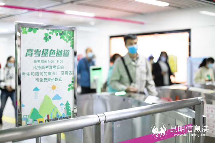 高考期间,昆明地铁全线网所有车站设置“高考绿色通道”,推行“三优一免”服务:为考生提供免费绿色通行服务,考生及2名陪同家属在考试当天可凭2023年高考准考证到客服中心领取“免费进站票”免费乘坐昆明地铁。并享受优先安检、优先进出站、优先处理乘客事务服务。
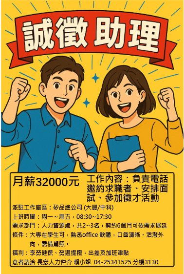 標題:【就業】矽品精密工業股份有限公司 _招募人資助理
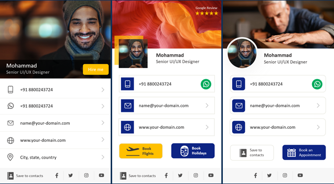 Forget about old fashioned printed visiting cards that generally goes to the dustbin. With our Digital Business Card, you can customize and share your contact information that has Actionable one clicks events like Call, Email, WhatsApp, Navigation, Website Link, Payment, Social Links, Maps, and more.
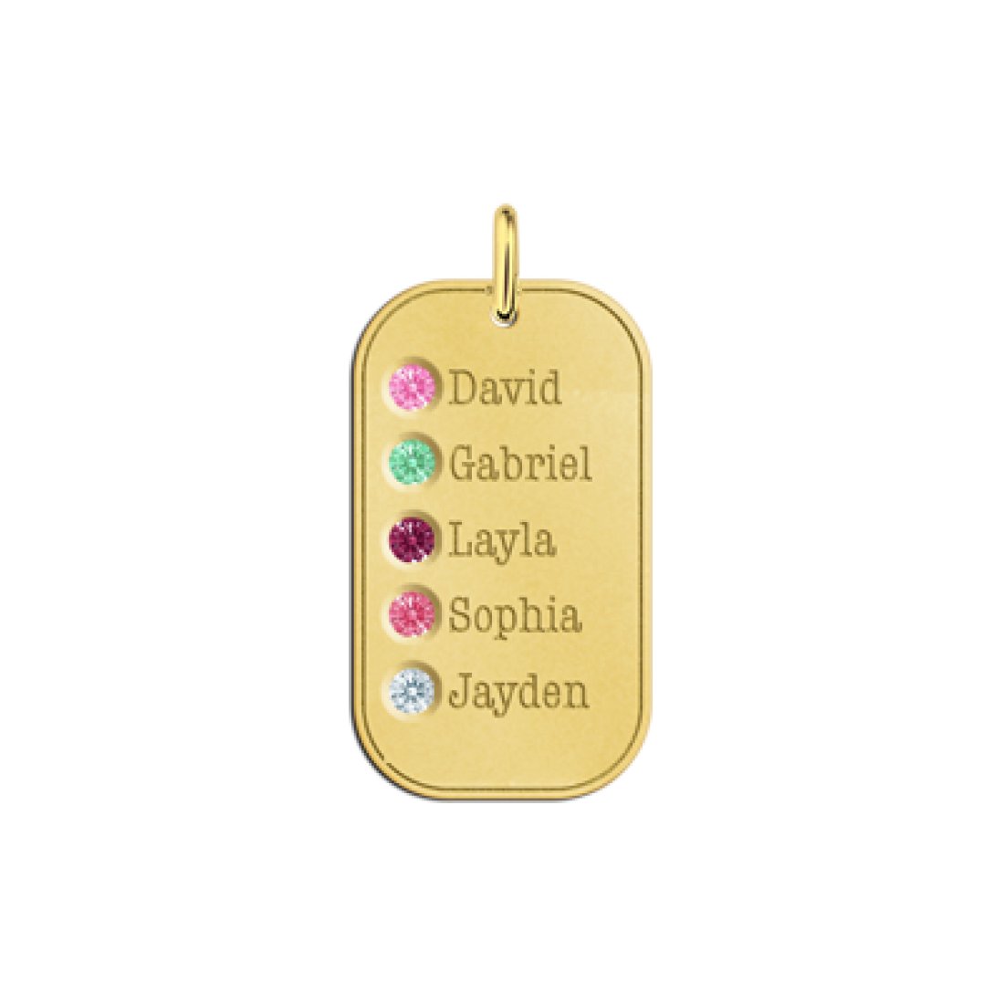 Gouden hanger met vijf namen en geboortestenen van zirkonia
...
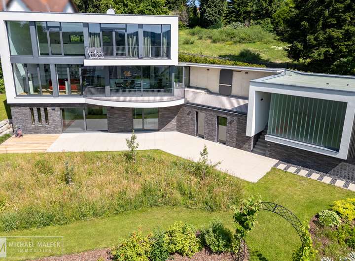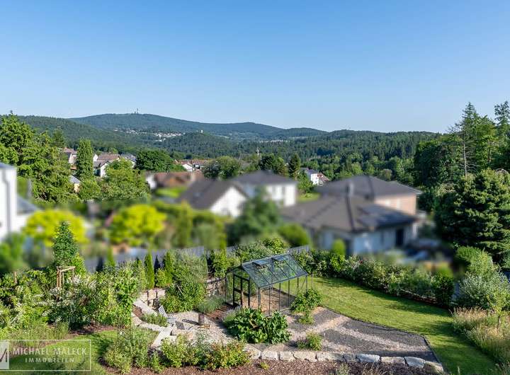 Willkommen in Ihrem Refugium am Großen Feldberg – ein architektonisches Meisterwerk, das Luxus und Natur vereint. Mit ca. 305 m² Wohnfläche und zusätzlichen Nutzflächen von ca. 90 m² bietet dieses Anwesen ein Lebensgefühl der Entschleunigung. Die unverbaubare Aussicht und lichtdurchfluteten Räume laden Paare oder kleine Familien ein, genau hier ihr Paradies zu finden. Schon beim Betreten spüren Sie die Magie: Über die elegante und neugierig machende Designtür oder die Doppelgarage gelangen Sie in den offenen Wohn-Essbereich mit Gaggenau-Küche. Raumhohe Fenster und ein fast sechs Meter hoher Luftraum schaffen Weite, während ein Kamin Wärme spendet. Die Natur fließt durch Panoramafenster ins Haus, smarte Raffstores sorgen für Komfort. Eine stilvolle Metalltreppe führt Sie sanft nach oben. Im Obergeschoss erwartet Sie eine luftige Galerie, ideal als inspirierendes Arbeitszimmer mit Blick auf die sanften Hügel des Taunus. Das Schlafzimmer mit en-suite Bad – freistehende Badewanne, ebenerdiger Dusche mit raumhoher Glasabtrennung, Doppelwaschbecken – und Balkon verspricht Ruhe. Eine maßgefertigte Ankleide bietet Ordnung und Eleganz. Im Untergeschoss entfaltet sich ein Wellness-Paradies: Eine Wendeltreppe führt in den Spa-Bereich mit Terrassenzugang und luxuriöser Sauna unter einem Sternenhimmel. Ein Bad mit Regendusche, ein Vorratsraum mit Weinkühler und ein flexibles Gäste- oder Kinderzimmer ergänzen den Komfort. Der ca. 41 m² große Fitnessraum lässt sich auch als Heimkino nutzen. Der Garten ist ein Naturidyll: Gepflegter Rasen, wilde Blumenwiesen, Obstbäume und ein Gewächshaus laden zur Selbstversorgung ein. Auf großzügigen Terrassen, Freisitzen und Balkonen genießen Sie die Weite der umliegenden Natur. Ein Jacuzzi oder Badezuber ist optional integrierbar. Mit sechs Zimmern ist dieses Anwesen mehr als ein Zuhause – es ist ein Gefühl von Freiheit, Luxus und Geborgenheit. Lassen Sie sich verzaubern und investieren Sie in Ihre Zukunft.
...
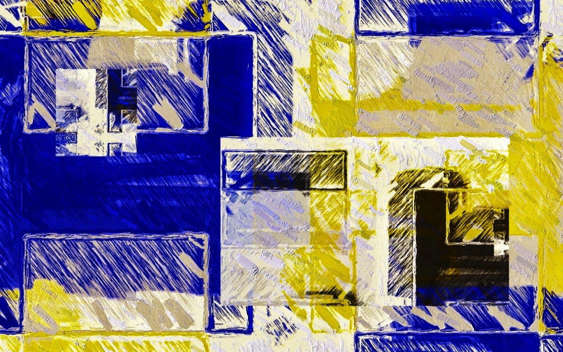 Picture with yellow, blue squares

**Task statement**
From the listing above, please give again the lines that begin with the line holding "高考期间,昆明地铁全线网所有" and go on through the line holding "Gouden hanger met", exactly, both ends included, minus any picture.

**Answer box**
 高考期间,昆明地铁全线网所有车站设置“高考绿色通道”,推行“三优一免”服务:为考生提供免费绿色通行服务,考生及2名陪同家属在考试当天可凭2023年高考准考证到客服中心领取“免费进站票”免费乘坐昆明地铁。并享受优先安检、优先进出站、优先处理乘客事务服务。
 標題:【就業】矽品精密工業股份有限公司 _招募人資助理
 Forget about old fashioned printed visiting cards that generally goes to the dustbin. With our Digital Business Card, you can customize and share your contact information that has Actionable one clicks events like Call, Email, WhatsApp, Navigation, Website Link, Payment, Social Links, Maps, and more.
 Gouden hanger met vijf namen en geboortestenen van zirkonia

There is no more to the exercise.